The PAM contribution to Article 48 readiness is the forensic timeline. When a credential compromise hits, the regulator does not want a narrative — they want the session log: which account, from which source, accessing which records, with what commands. A PAM with command-level audit produces that artifact within minutes; an environment without it spends days reconstructing what happened from heterogeneous syslogs.

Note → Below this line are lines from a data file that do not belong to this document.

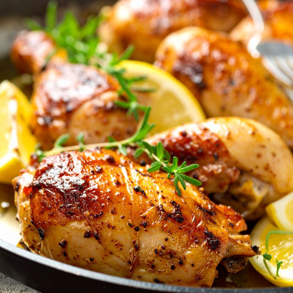 Un poulet fondant parfumé au citron, à l’ail et aux herbes, accompagné de légumes de saison rôtis. Un plat simple, généreux et plein de saveurs réconfortantes.
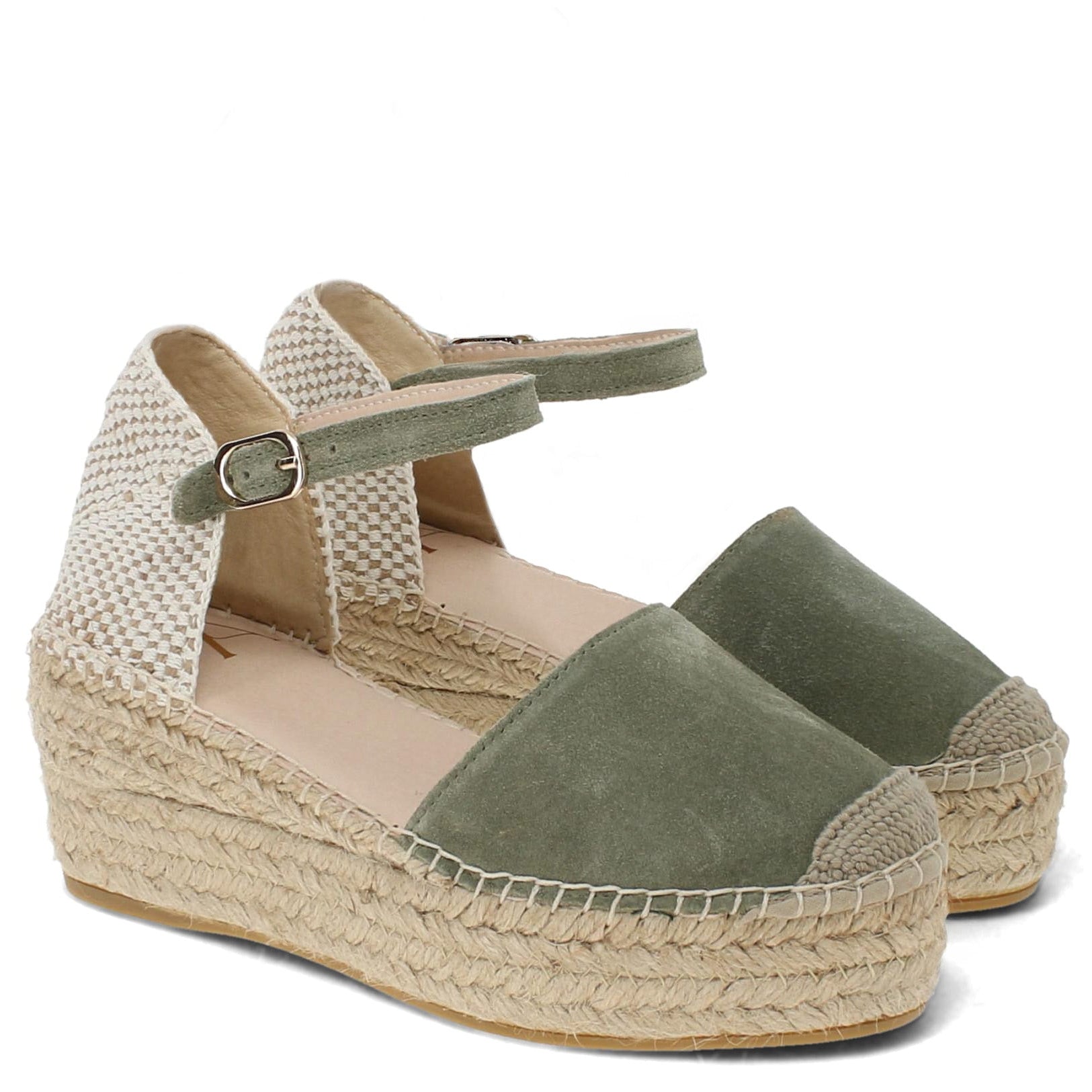 Handcrafted suede uppers paired with a textile heel notch create refined comfort and style. The jute-wrapped platform outsole delivers eco-conscious durability with authentic texture. An adjustable ankle belt with buckle provides secure fit and a distinctive design element. Proudly made in Spain, these platforms combine artisanal craftsmanship with contemporary flair.
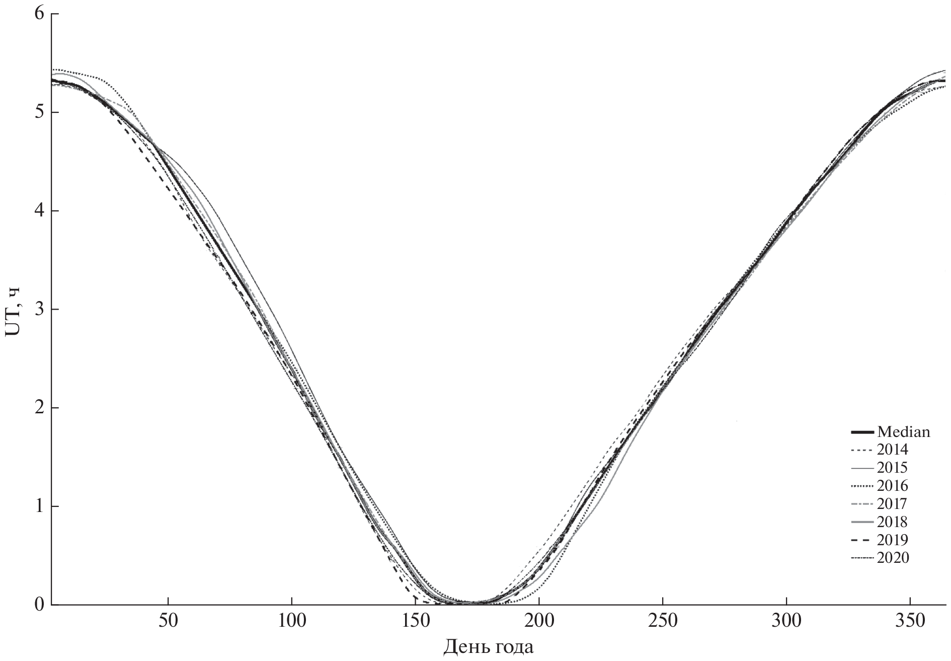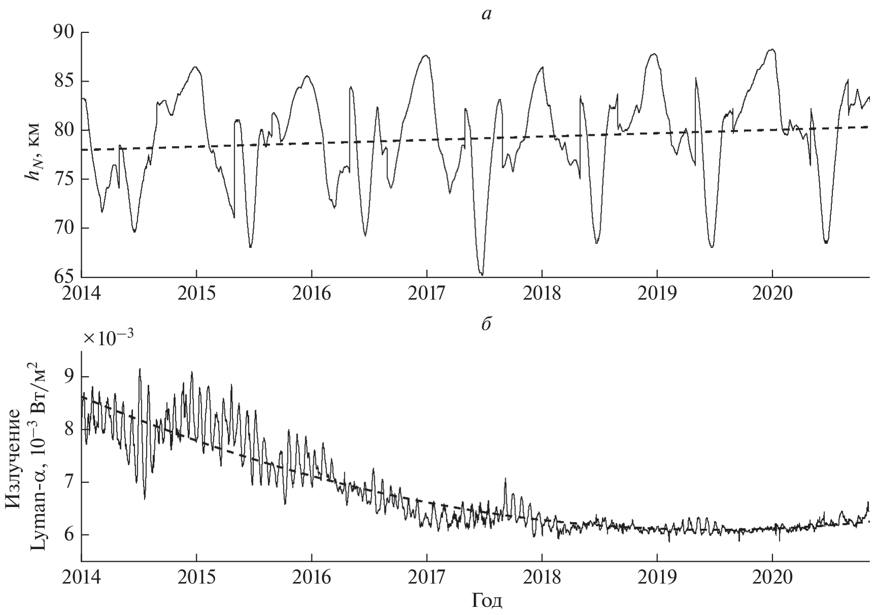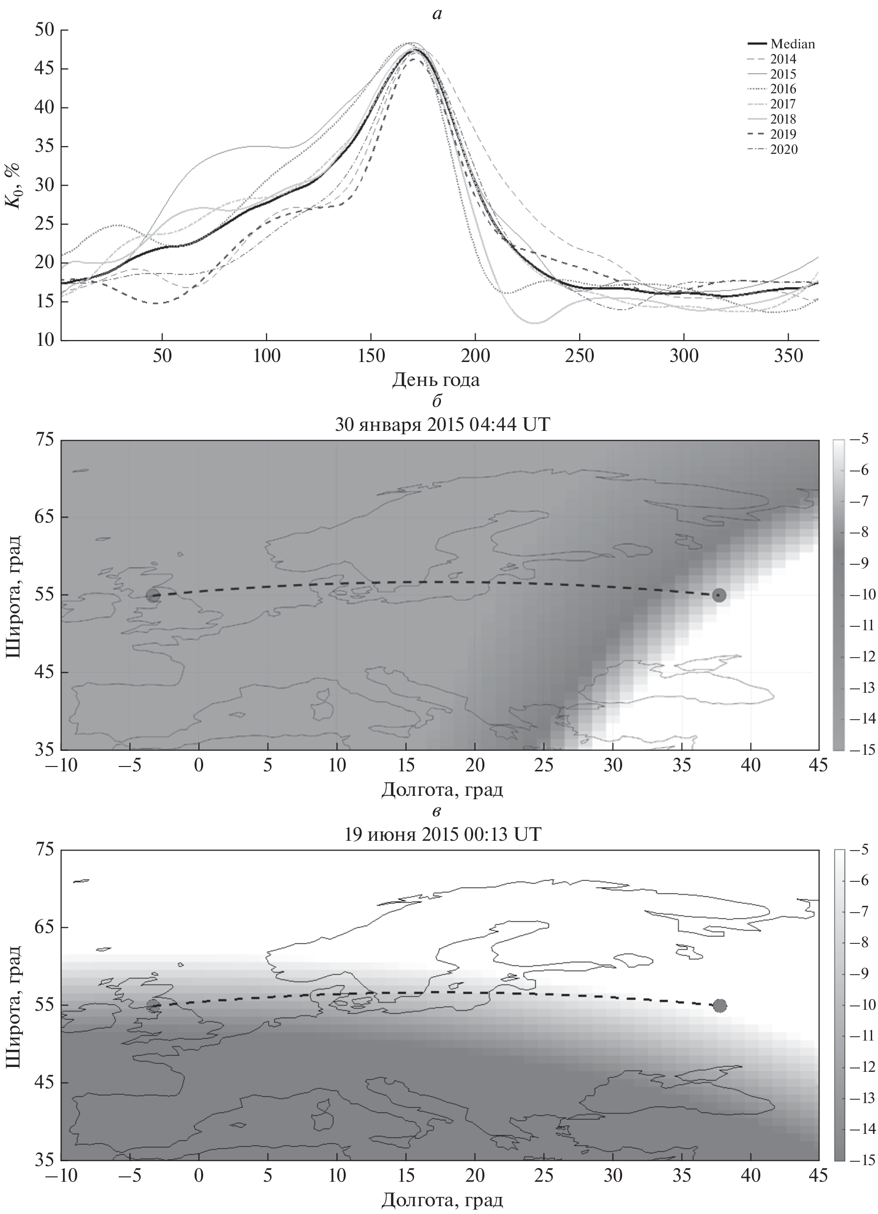 Обсуждается влияние освещенности трассы на амплитуду сверхдлинноволновых радиосигналов при прохождении солнечного терминатора. На основе многолетних измерений (с 2014 по 2020 г.) показано, что в зимний период резкое падение амплитуды сигнала на среднеширотных трассах происходит уже при освещении 15% длины трассы. Анализ вариаций амплитуды сверхдлинноволновых сигналов также позволил оценить высоту их отражения от верхней стенки неосвещенной части волновода hN (D – область ионосферы) и выявить сезонные и годовые вариации этой величины. Экспериментально обнаружен тренд увеличения hN примерно на 4 км за семь лет, вызванный спадом солнечной активности в этот период.

The ANPD evidence checklist

In the published guidance documents, ANPD repeatedly emphasizes three artifacts: inventory of treatment (Art. 37), incident response playbook with notification SLAs (Art. 48), and access-control evidence (Art. 46). PAM is the second-cheapest of the three to operationalize and the one most often missing.

How DataDike maps to LGPD

DataDike ships LGPD-specific dashboards that align to Articles 46, 47, and 48 directly: a privileged-access inventory by system classification (allowing the controller to filter for "systems treating personal data"), an off-boarding timeline that proves revocation latency, and an incident-response export that produces the Article 48 evidence pack in the format ANPD inquiries have asked for in recent inspections.

For Brazilian financial services and healthcare operators specifically — where LGPD intersects with BACEN, ANS, or CFM requirements — the same audit stream feeds both the LGPD evidence pack and the sector regulator's separate format. Operators who run both reports out of one platform spend less time on overlapping evidence and more time on the work the regulators actually intended to drive.